Vojka nad Dunajom (, ) is a village and municipality in the Dunajská Streda District in the Trnava Region of south-west Slovakia.

History
In the 9th century, the territory of Vojka nad Dunajom became part of the Kingdom of Hungary.
In historical records the village was first mentioned in 1186.
After the Austro-Hungarian army disintegrated in November 1918, Czechoslovak and French troops occupied the area, which despite the majority Hungarian populations of southern Slovakia, and without plebiscite, would later be annexed with the Treaty of Trianon in 1920. Between 1938 and 1945 Vojka nad Dunajom once more became part of Hungary through the First Vienna Award. From 1945 until the Velvet Divorce, it was part of Czechoslovakia. Since then it has been part of Slovakia. The town bears the name of Vajk, the pagan name of St.
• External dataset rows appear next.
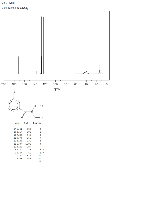 由间甲苯酰氯与二乙胺反应而得。工业品含5%-15%异构体
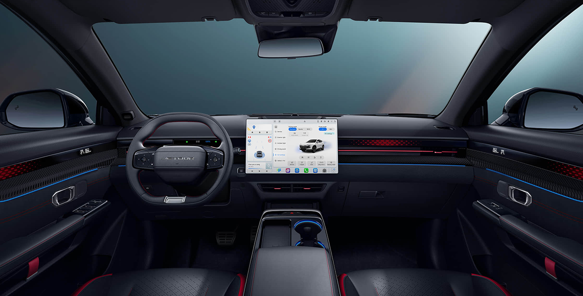 Стилистика минимализма сохранена и в интерьере. В основе его организации лежит продуманная эргономика и высокое качество материалов. В отделке салона используется 118 типов материалов, в том числе с антибактериальными свойствами для руля, сидений и других зон. Дополнительную заботу о здоровье водителя и пассажиров обеспечивает современная система очистки воздуха, которая включает салонный фильтр N952, систему мониторинга частиц PM2,53 и угарного газа, а также систему ионизации воздуха.
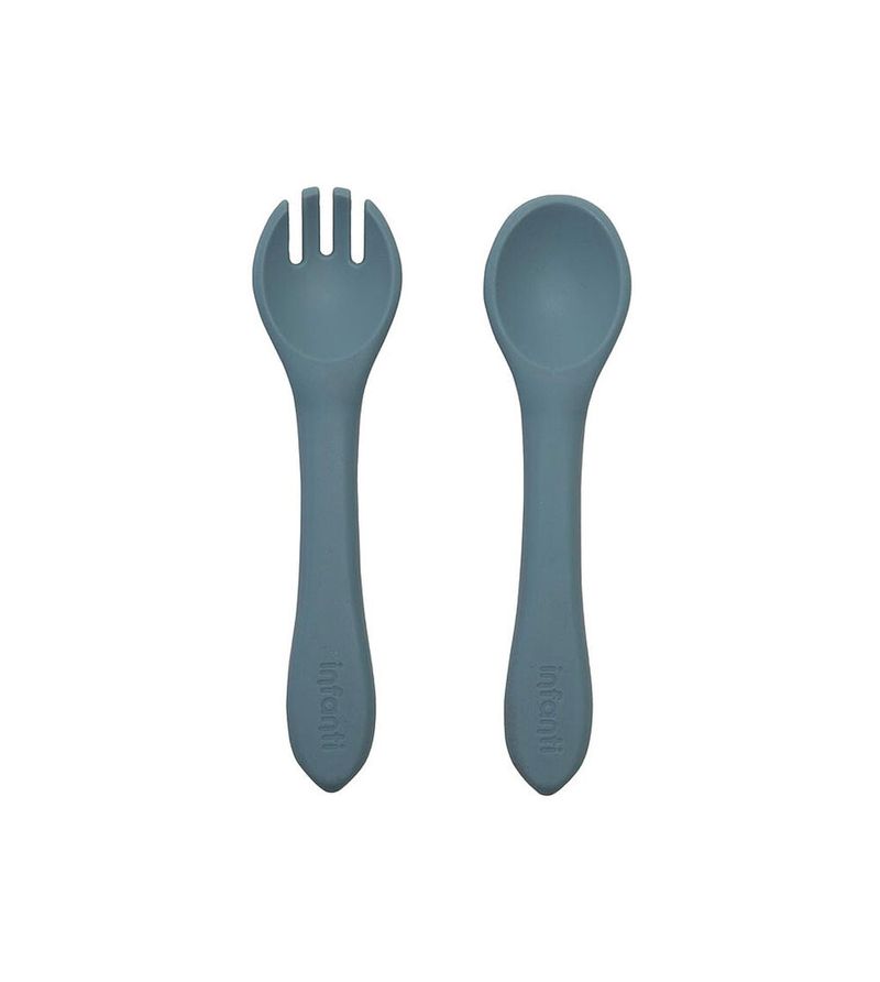 Garfo e Colher de Silicone Azul - Infanti
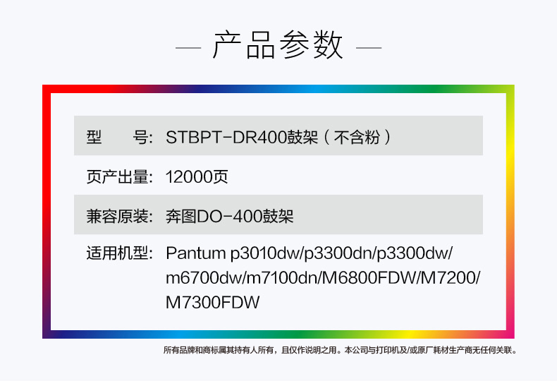 史泰博 STBPT-DR400 打印量约12000页 适用Pantum p3010dw/p3300dn等 鼓架(不含粉) (计价单位:只) 黑色 黑色
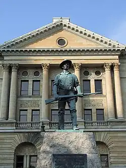 The original statue was unveiled at the University of Minnesota on Memorial Day, 1906.[4] The statue stands in front of the armory at 15 Church Street. Also known as the Student Soldier Memorial, it is a monument to the 218 University of Minnesota students who served in the Spanish–American War.[5] The statue is 9 feet (2.7 m) tall and stands on a 6-foot (1.8 m) granite base, depicting a soldier clad in a period uniform with a campaign hat and a Krag–Jørgensen rifle. Today this statue, now missing the muzzle of the rifle,[6] is popularly known as Iron Mike.[5]
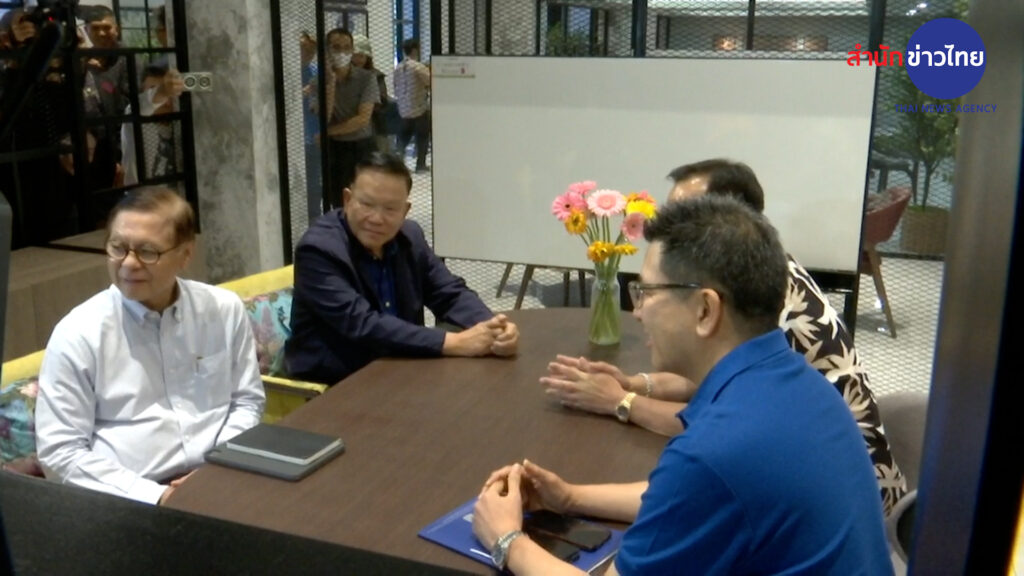 นายอนุทิน ชาญวีรกูล ว่าที่นายกรัฐมนตรี พร้อมด้วยนายสีหศักดิ์ พวงเกตุแก้ว อดีต ปลัดกระทรวงการต่างประเทศ อดีตเอกอัครราชทูตไทยประจำกรุงลอนดอน และอดีตที่ปรึกษารัฐมนตรีว่าการกระทรวงการต่างประเทศ รวมถึงนายเอกนิติ นิติทัณฑ์ประภาศ อธิบดีกรมธนารักษ์ กระทรวงการคลัง และนายสันติ พร้อมพัฒน์ รองหัวหน้าพรรคพลังประชารัฐ ดื่มกาแฟร่วมกันที่ร้านจานิสตาร์ ชั้น 1 ที่ทำการพรรคภูมิใจไทย ภายหลังหารือร่วมกันที่บริเวณชั้นบน
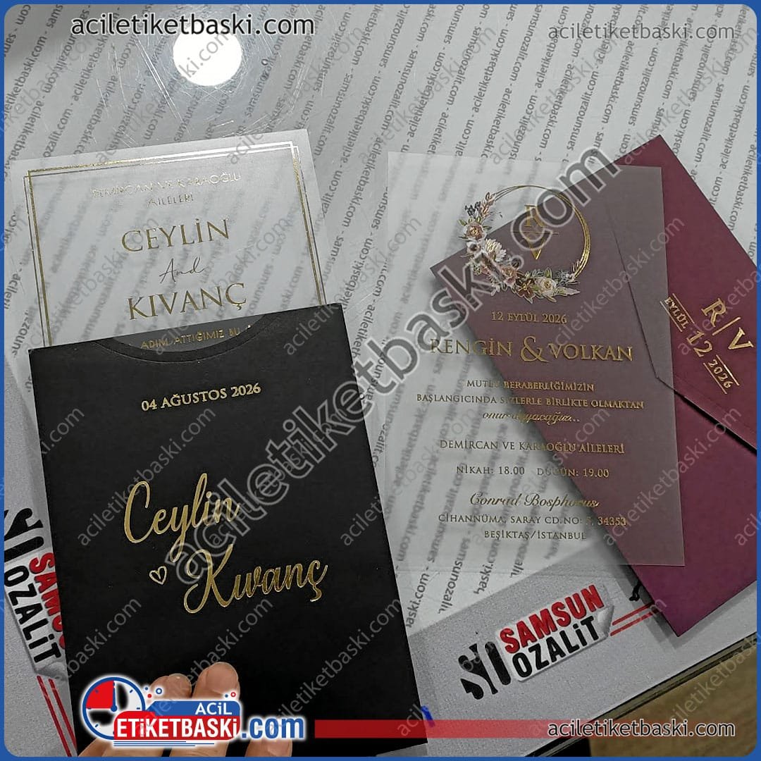Samsun Davetiye Baskısı – Şeffaf Asetat Üzeri Altın ve Gümüş Renk Baskı, Özel Tasarım Davetiye Üretimi
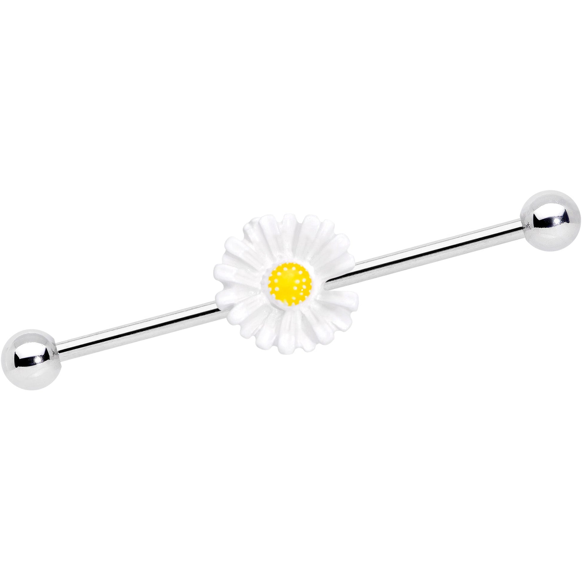 Let the daisy on this 14 gauge helix barbell bedeck your piercing in colorful style! It's made with a 1 1/2" durable 316L surgical grade stainless steel straight barbell with 5mm ball ends. It features a three-dimensional white and yellow daisy charm. And you can slide the daisy up and down the length of the barbell to get exactly the look you want. Your industrial piercing will blossom with this delicious daisy in it!Specifications
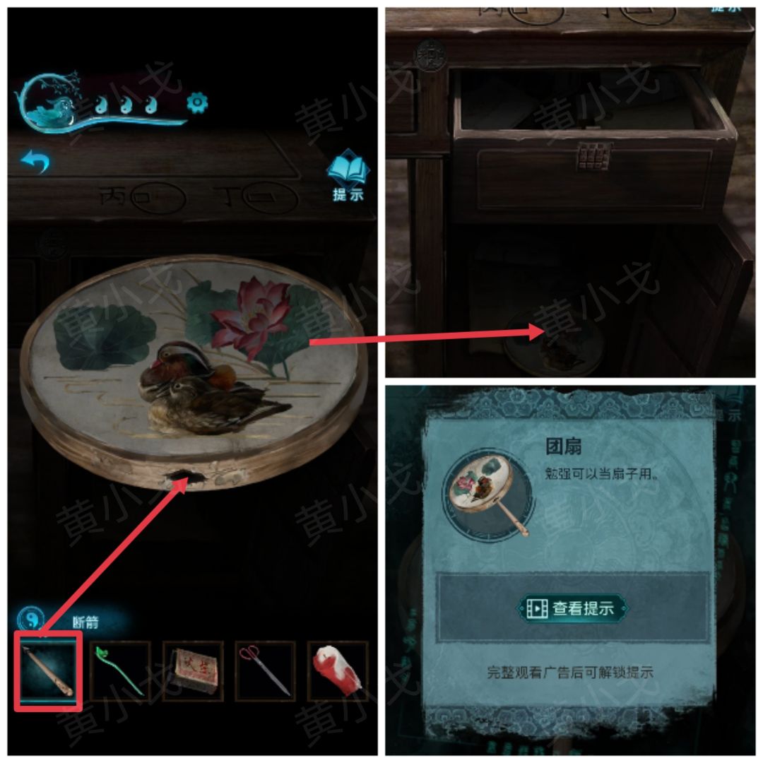 7.打开柜子,获得不全的团扇,插入【断箭】,获得【团扇】
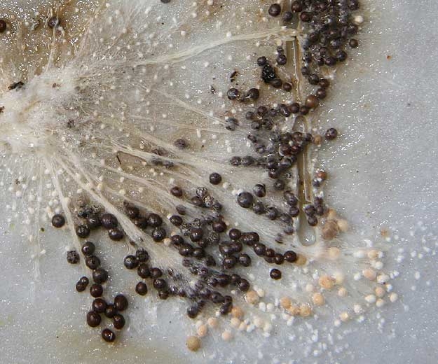 En el tejido dañado, forma rápidamente micelio y esclerocios. Estos pueden germinar rápidamente porque no necesitan una fase latente. Sin embargo, pueden permanecer en el suelo durante varios años sin germinar.
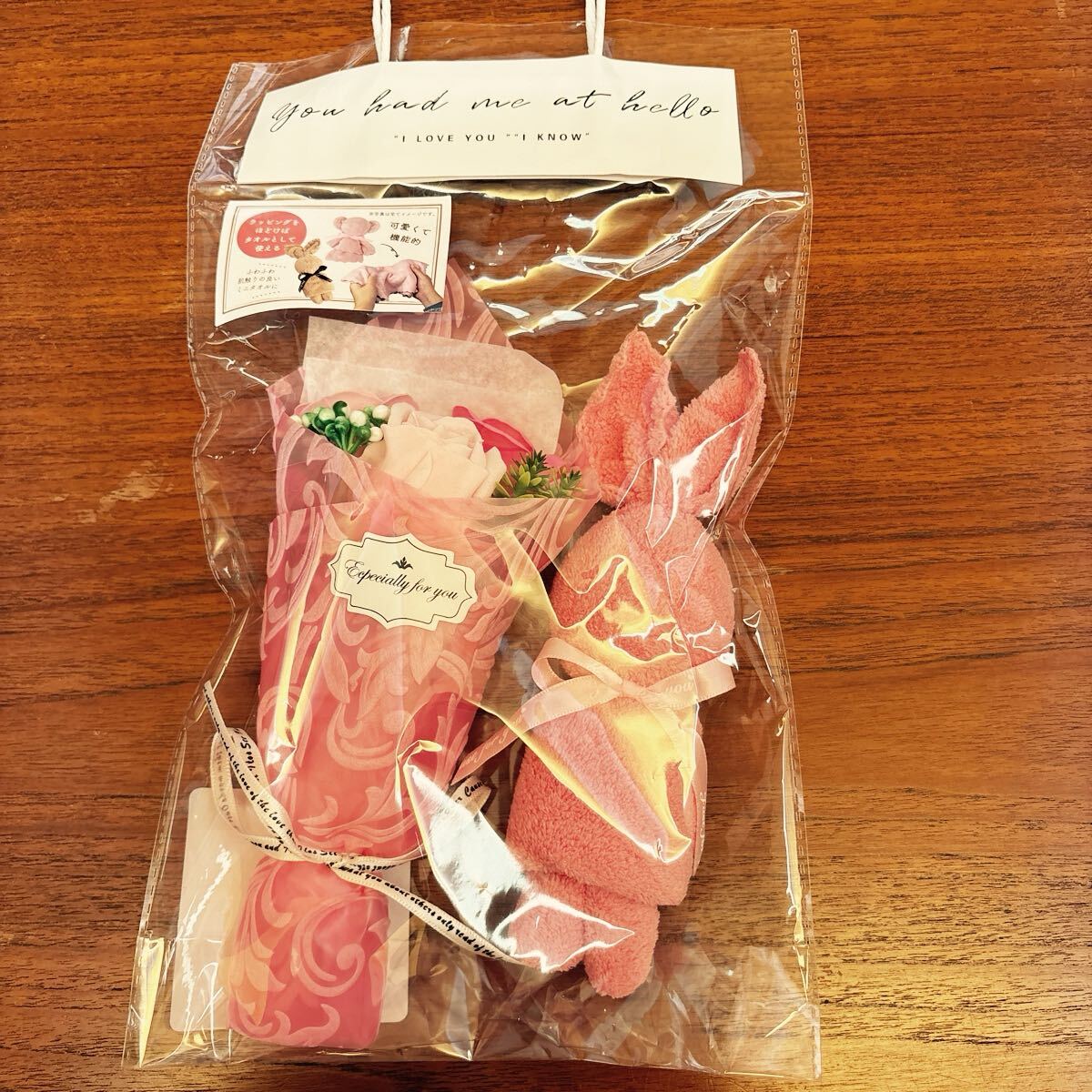 - 【美品】シャボンフラワーセット ウサギタオル ピンク (お花 子ども 発表会 プレゼント)
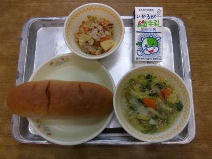 今日の給食は「黒糖パン,牛乳,豚肉のマスタード焼き,はくさいスープ」でした。
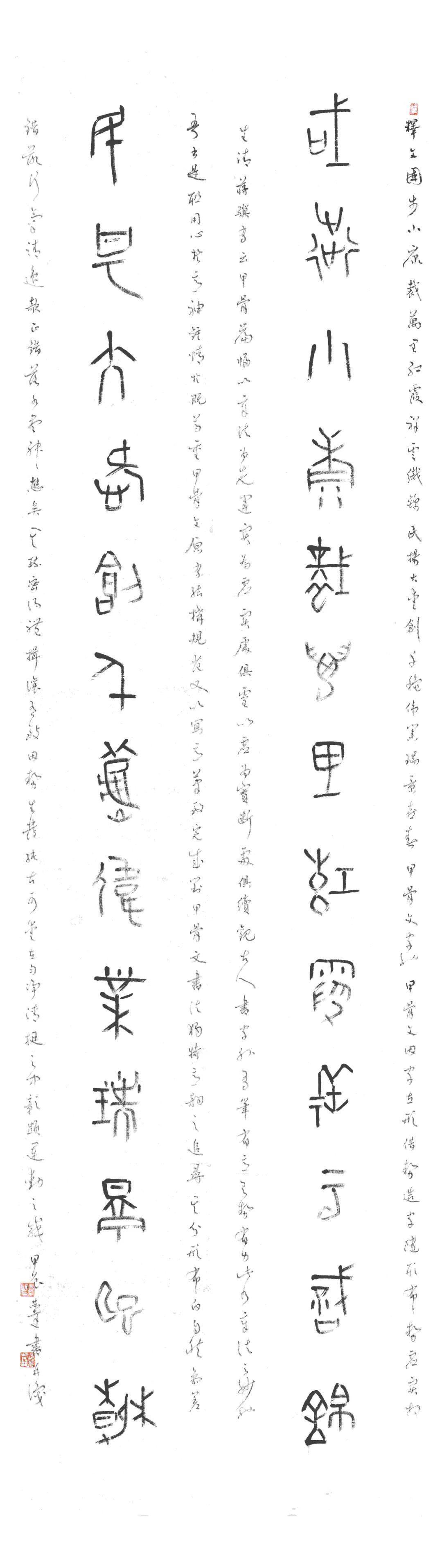 此次展览中言恭达的九体自撰楹联:“象外乾坤还太古,世间粉黛任争妍”“岂惟识度知兴废,更有劬劳克始终。”……直至小篆《心经》,也许作者此时是一种精神的自由,作者的理解跟我们的理解有一种不一样的差别,但是它毕竟是一种心境,也许“此中有真义,欲辨已忘言。”展览中十分引人注目的还有楹联边款的精彩,如:甲骨文自撰联:“国步小康裁万里红霞祥云织锦,民扬大爱创千秋伟业瑞景喜春。”其边款注释云:“此甲骨文字也。甲骨文因字立形,借势造字,随形布势,虚实相生。清蒋骥有云,甲骨篇幅以章法为先,运实为虚,实处俱灵,以虚为实,断处俱续,观古人书,字外有笔、有意、有势、有力,此乃章法之妙也。吾书是联,用心于意神,钟情于既尊重甲骨文原有结构规范,又以写意笔致完成对甲骨文书法独特意韵之追寻,其分形布白自然、参差错落、行气清逸、欹正错落,各尽神态矣。疏密得体、揖让有致、因势生发、纯古可爱,在匀净清挺中彰显运动之感。”这是作者对传统甲骨文艺术创作的独特认知,其书学思想与审美理念,笔墨创新已跃然纸上。
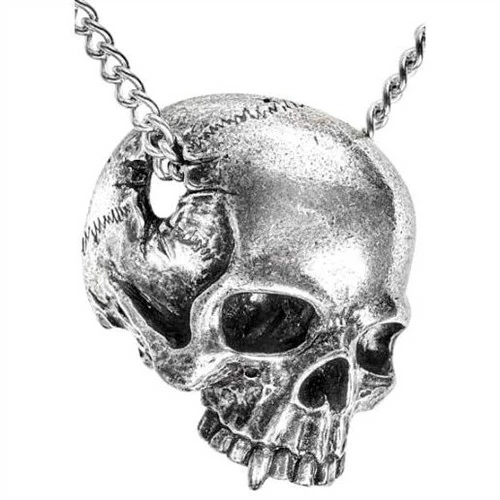 The “Remains” Pendant by Alchemy is a jawless human skull representation, (with a suspiciously vampiric canine tooth) in 3/4 view with a large temporal perforation, through which the pendant chain passes.
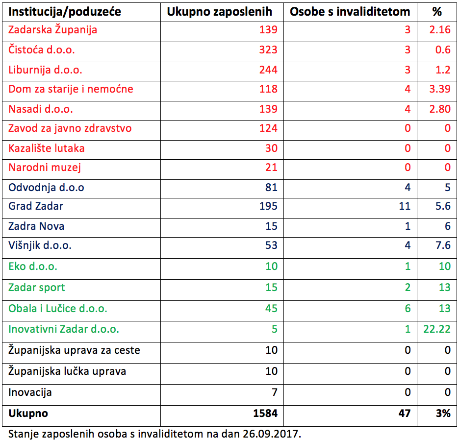 Nakon dugogodišnjih obmana vladajućih kako su za njih osobe s invaliditetom bitan segment društva, odlučili smo ispitati kakva je situacija sa zapošljavanjem osoba s invaliditetom u Zadarskoj Županiji, Gradu Zadru i svim poduzećima čiji su oni osnivatelji. Sve ukupno njih 24! Rezultati su poražavajući, a prvi na Tablici srama su upravo institucije i poduzeća koja imaju najviše zaposlenika a samim time i najviše prostora za osigurati osobi s invaliditetom dostojanstven život.
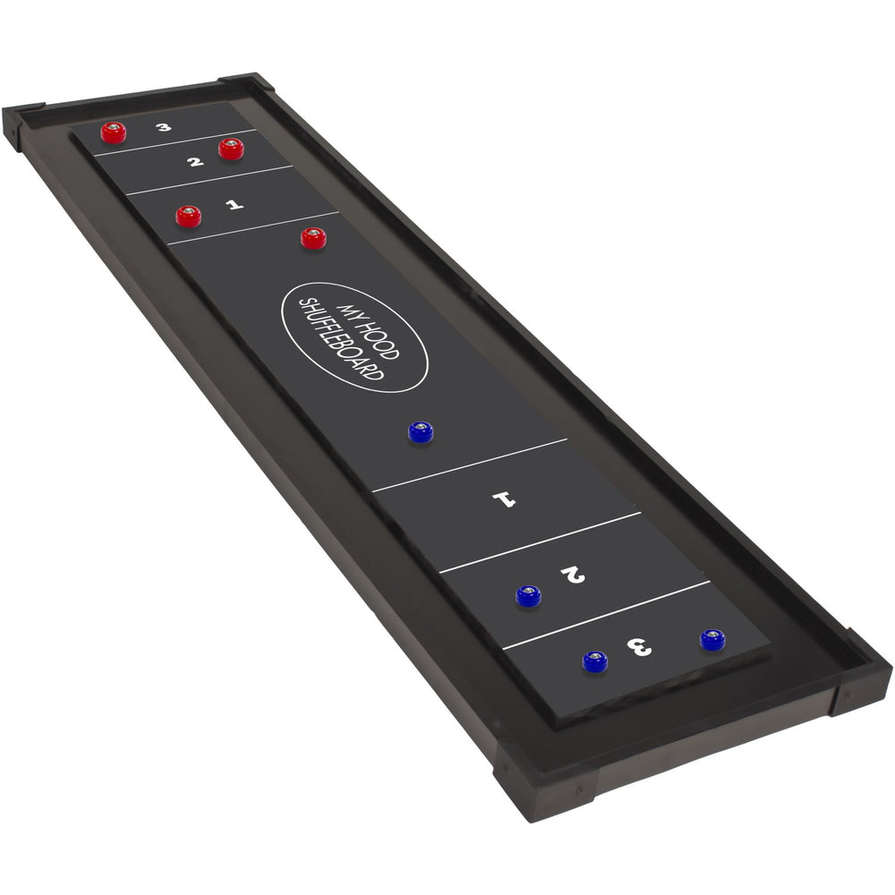My Hood Shuffleboard er det perfekte tilbehør til familiens udendørs legetid, som sikrer timevis af underholdning og leg. Dette spil kombinerer shuffleboard og curling på en lakeret vendbar træplade, hvilket sikrer glid og holdbarhed. Med otte pucks i to farver fremmer det både motoriske færdigheder og konkurrenceånd på en sjov måde. Spillet er let at opsætte og kan nemt opbevares. En fantastisk måde at styrke båndene i familien på gennem leg og udfordringer.
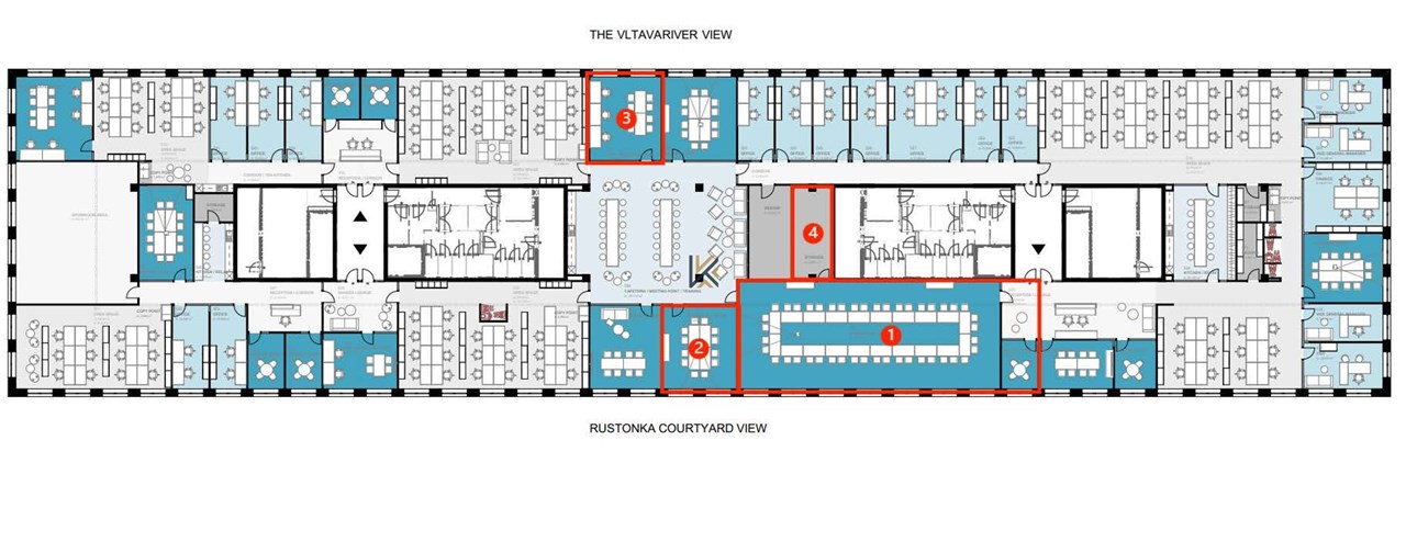 Kancelářské prostory o výměře 230 m2 (na plánku 1 + 4) jedná se o atraktivní dlouhodobý podnájem. Lze rozšířit o další dvě kanceláře v rámci patra o velikosti 44 m2. Celkem tedy cca. 300 m2.

Stephen of Hungary, first King of Hungary. in 2005, villagers erected a statue of the Saint in front of the local Catholic Church.

Geography
The municipality lies at an altitude of 123 metres and covers an area of 8.212 km². In 2008 t had an estimated population of 467 people.

It is situated on an island between the (old) Danube and the "new Danube", i.e. the Danube channel created by the Gabčíkovo–Nagymaros Dams.